Не нравился мне очень популярный тогда казахский 100-летний аксакал народный певец-акын Джамбул, потому что безудержно восхвалял достоинства великого вождя всех народов. Но впечатление от опубликованного в газетах его стихотворения «Ленинградцы – дети мои» сохранилось в памяти. Я не запомнил слов, но запечатлелась в памяти боль и сострадание, содержавшиеся в них.

У меня и моих соратников родственники либо остались в оккупированном Ростове, либо скитались где-то в эвакуации; беспокойство о их судьбе тревожило беспрерывно.

И, тем не менее, какие-то изменения к лучшему незаметно накапливались. Продвижение вглубь России германских войск либо замедлилось, либо остановилось, а на северном Кавказе в районе Орджоникидзе (Владикавказ) Красной Армией был нанесен успешный контрудар, о котором почему-то мало вспоминают историки Отечественной войны. Может быть, по масштабам и последствиям он был несопоставим со Сталинградской битвой, но, как мне кажется, имел большое психологическое значение, будучи первым военным успехом после начала наступления германских войск 1942 года.

Изнурительный труд и поиски пропитания отнимали почти все время, однако я находил возможность изредка посещать кино и даже был однажды на спектакле «Фронт» Корнейчука, который был поставлен моими земляками – Ростовским театром им. Горького, находившимся в Казани в эвакуации. После войны артисты театра во главе с Ю. Завадским перешли в состав труппы театра им. Моссовета.
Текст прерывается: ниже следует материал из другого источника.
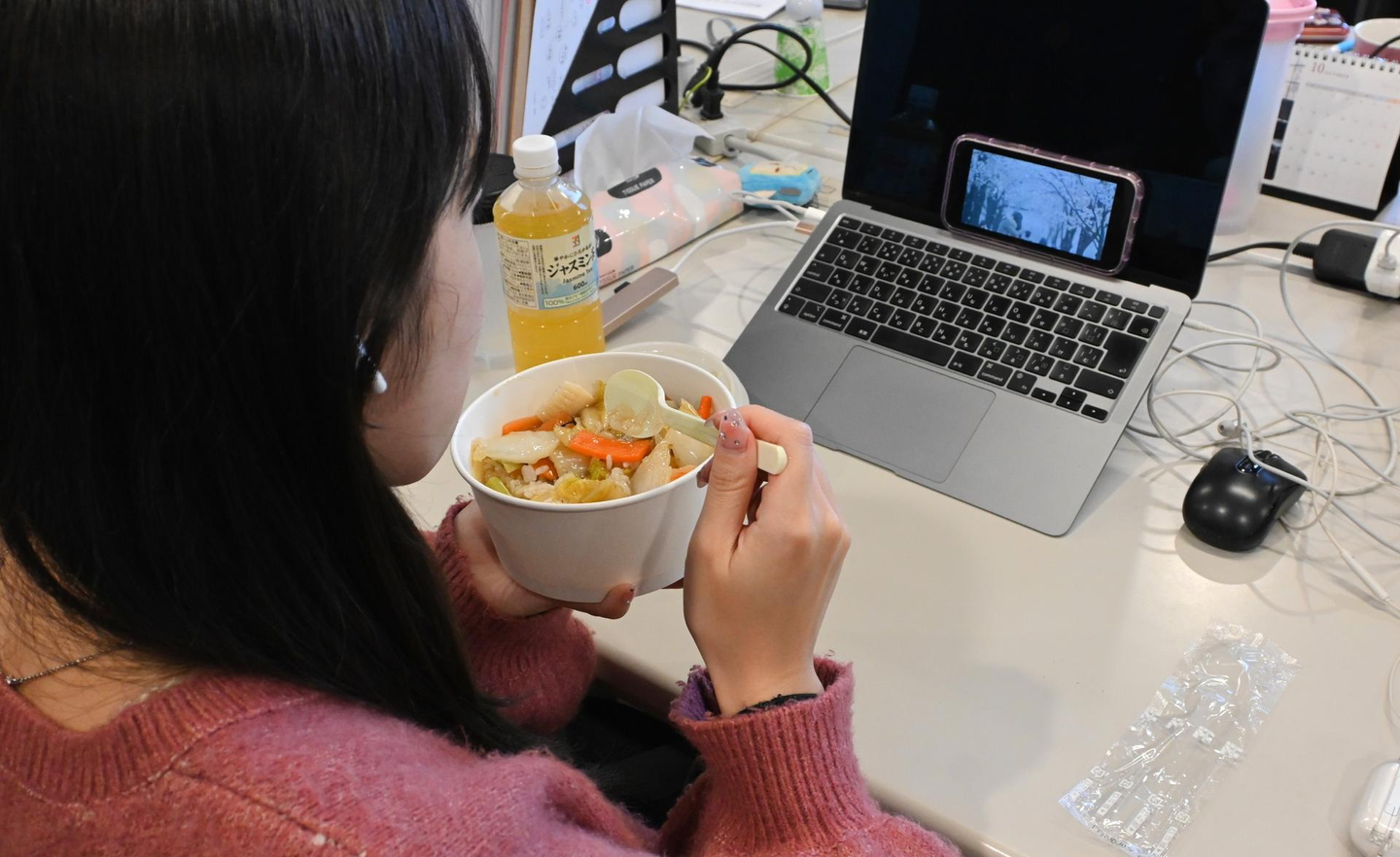 昼食は基本的に近くのコンビニで買うことが多いみたいです🍱この日は自分のデスクで、韓国ドラマを観ながらご飯を食べていました。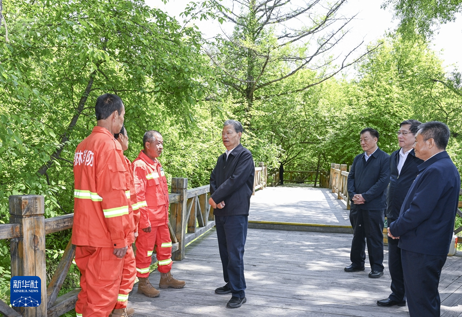 6月16日至19日,中共中央政治局常委、全國人大常委會委員長趙樂際在內蒙古調研。這是6月17日上午,趙樂際在興安盟阿爾山林區與護林員交流,檢查和了解森林法實施情況。新華社記者 張領 攝

Этот спектакль был по тем временам весьма знаменательным. В нем содержалась казавшаяся необычно смелой критика действий высшего военного командования Красной Армии, не сумевшего отказаться от догматических штампов – стратегии и тактики, заимствованных из опыта Первой Мировой и Гражданской войны. Любопытно, что ни на сайте театра им. Моссовета, ни на сайте ростовского театра им. М. Горького не упоминаются события военного времени и деятельность труппы театра в Казани, хотя в репертуаре театра спектакль «Фронт» с Мордвиновым в роли генерала Огнева указан.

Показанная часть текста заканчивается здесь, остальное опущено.